Mitigating risk to the business is an essential leadership function. The number of business failures may give us a clue to how many companies do it well. Obviously it is more complex than that but I like to keep things simple.
The longer you stay in business the more you need an effective risk management process.
The facts are:
Over two decades, up to 75 percent of businesses in certain fields fail. Survival rates follow a universal downward trend, as the years of operation increase, with 50 percent of businesses failing after 5 years and 75 percent failing after 17 years, notes U.S. Bureau of Labor Statistics.
Between 1994-2010, the survival rates of private establishments ranged between 25 to 50 percent, reports U.S. Bureau of Labor Statistics.
Common Failure Points Within a 4-Phase Risk Assessment Process
PHASE 1: PRE-ASSESSMENT PREPARATION
- Inadequate planning and communication
- Lack of process alignment with strategic business activities
- Misconception of participant time commitment
PHASE 2: ASSESSMENT – DATA COLLECTION
- Focus on current or past risks rather than future risks
- Generic rather than specific and tailored risk inventory structure
- Using simple assessment tools for complex risks
- Lack of defined perspective and timeframe leads to inconsistent responses
PHASE 3: ANALYSIS
- Ineffective or non- existent risk prioritization criteria and methods
- Creation of unmanageable risk lists vs “TOP” risk profile (risk management is not list management)
- Excessive elapsed time from initial identification to action results in “stale” risk list
PHASE 4: ACTION
- Failure to communicate, validate and gain alignment of identified key risks with executive management
- Ineffective reporting content and design
- Incomplete or lack of comprehensive risk plans or incorporation into business decisions
- Viewing the assessment as the end of the risk management process
Participant time constraints can be a barrier to successful risk assessment process.
The total time commitment for most senior management members involved in an annual risk assessment should not exceed six to eight hours. (PWC 2015)
How to Avoid These Common Failures and Improve Your Risk Assessment Process
When asked about the effectiveness of their risk assessment process many leaders see the need for improvement.

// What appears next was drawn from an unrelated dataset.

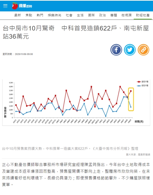 台中10月買賣登記棟數達4957棟,已連續4個月達4千棟門檻,近半年來呈逐月上揚,比去年同期增加8.6%,量價俱揚,其中南屯區新屋近七成交易屬興富發「博識」、惠宇「一森青」交屋潮,帶動當月全區新屋價突破每坪36萬。業者表示,雖然上半年房市買氣受疫情干擾稍有停滯,但觀察近期的交易量已連續6個月正成長,市場熱度持續走高,尤其預售市場靠著低單價、輕鬆付款優勢,市況更為熱鬧,中科更有預售大案622戶將推出。

6 Triggers that Indicate a Need for Risk Assessment and Management Improvement
- Board of Directors or Sr. Executives question top risks and the framework to identify, understand, evaluate, report, and mitigate risks
- Challenging business or industry events or trends, and concern over how the risk management program would discover or address risks
- Changes in leadership structure, organization or business model
- Confusion over risk assessment process, roles, and responsibilities
- Strategic initiatives such as new market expansion, acquisitions or new product introduction create concern over ability of existing processes to address new types of risk
- Failure! has occurred and indicates a lack of ability to identify and mitigate a risk resulting in significant negative impact to the business
6 Common Improvements to the Risk Assessment Process
- Reignite mature process (promote internal support and excitement – stop going through the motions.)
- Refresh of inputs to be current, relevant, and valuable
- Increase organization capabilities for conducting risk assessment activities consistent with driving results
- Reframe participants as customers of the process delivering value in better business decisions
- Refocus on the big things through better and effective risk identification and prioritization
- Create ACTION through better alignment, communication, and teamwork. Why are we conducting this assessment? What is required? What was discovered? How can the risk assessment results support business decisions? What action will we take as a result?
The most common failures concern taking ACTION.
Not knowing what action
The wrong action
No action
Do you need better inputs that drive action for your risk assessment process?
APPLIED GROUP CONCEPT MAPPING
is an effective, productive way to gather insight from your organization and translate it to valued-added, action-oriented inputs to your risk management plans.
It streamlines, and combines the best practices of brainstorming, sorting, rating, and analysis that translates qualitative data into quantitative results. This facilitated process is made cost-effective and available through software support.
Learn more about INSIGHTOVATION® Consulting’s APPLIED GROUP CONCEPT MAPPING here.
APPLIED GROUP CONCEPT MAPPING is an extremely flexible group process that creates action-oriented inputs for direct use in strategic planning, risk assessment, employee engagement process.
Ready to take action? Call us to learn more.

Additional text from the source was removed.